[Records from a dataset]
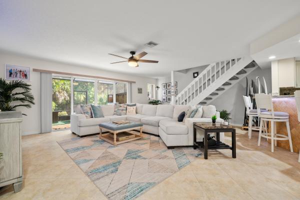 open living flows to a private patio. Spacious bedrooms and balcony upstairs. Community offers a pool, tennis, pickleball, and clubhouse. Live steps from your private beach in breakers landing!
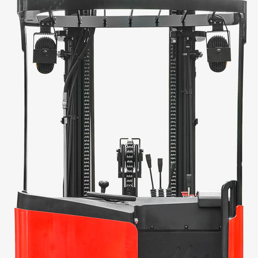 The A series stand-on reach truck is a new-generation product developed by our company in response to different market needs. The truck has comfortable ergonomics, wide operating vision and a stable control system.
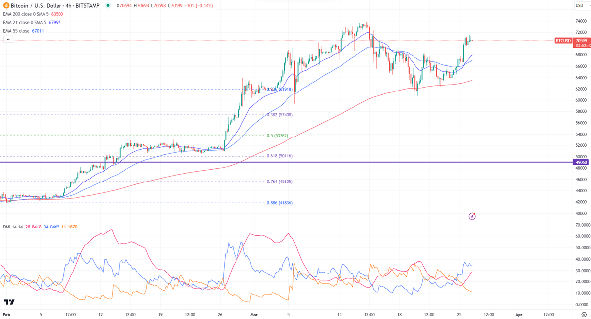 BTCUSD recovered sharply on upbeat market sentiment. It hit a high of $715975 and is currently trading around $70607.
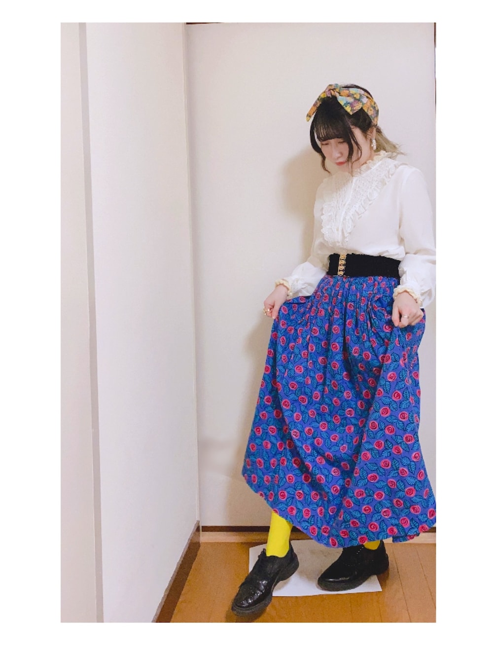 レモンイエローのカラータイツ。 青系のお洋服と合わせると履きやすい◎
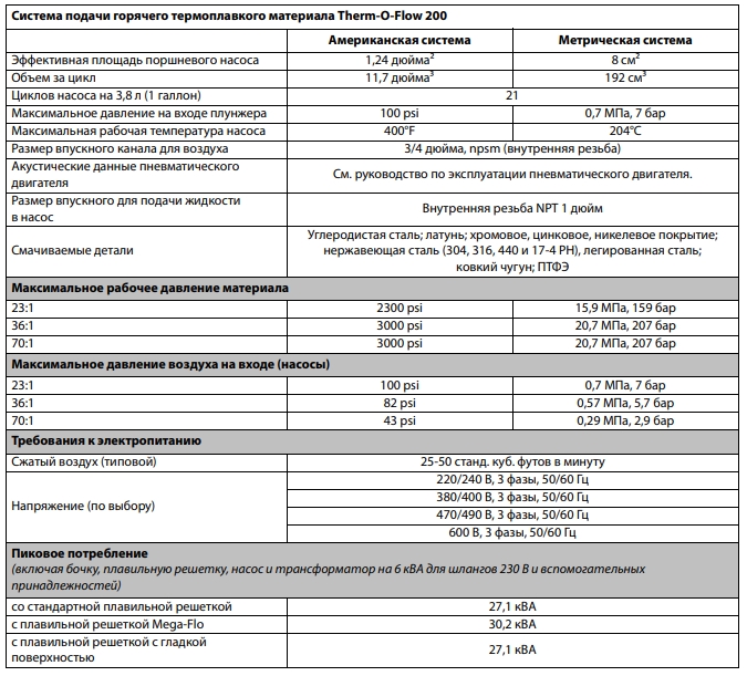 Характеристики Therm-O-Flow
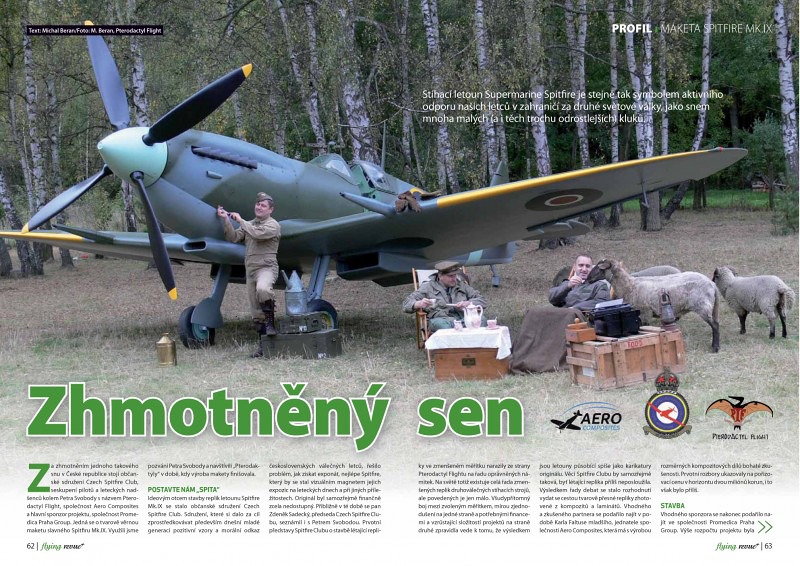 Za zhmotněním jednoho takového snu v České republice stojí občanské sdružení Czech Spitfi re Club, seskupení pilotů a leteckých nadšenců kolem Petra Svobody s názvem Pterodactyl Flight, společnost Aero Composites a hlavní sponzor projektu, společnost Promedica Praha Group. Jedná se o tvarově věrnou maketu slavného Spitfi ru Mk.IX. Využili jsme pozvání Petra Svobody a navštívili „Pterodaktyly“ v době, kdy výroba makety finišovala.

-- PROBLEM TO SOLVE --
Output the records exactly. Drop the images.

-- SOLUTION --
 open living flows to a private patio. Spacious bedrooms and balcony upstairs. Community offers a pool, tennis, pickleball, and clubhouse. Live steps from your private beach in breakers landing!
 The A series stand-on reach truck is a new-generation product developed by our company in response to different market needs. The truck has comfortable ergonomics, wide operating vision and a stable control system.
 BTCUSD recovered sharply on upbeat market sentiment. It hit a high of $715975 and is currently trading around $70607.
 レモンイエローのカラータイツ。 青系のお洋服と合わせると履きやすい◎
 Характеристики Therm-O-Flow
 Za zhmotněním jednoho takového snu v České republice stojí občanské sdružení Czech Spitfi re Club, seskupení pilotů a leteckých nadšenců kolem Petra Svobody s názvem Pterodactyl Flight, společnost Aero Composites a hlavní sponzor projektu, společnost Promedica Praha Group. Jedná se o tvarově věrnou maketu slavného Spitfi ru Mk.IX. Využili jsme pozvání Petra Svobody a navštívili „Pterodaktyly“ v době, kdy výroba makety finišovala.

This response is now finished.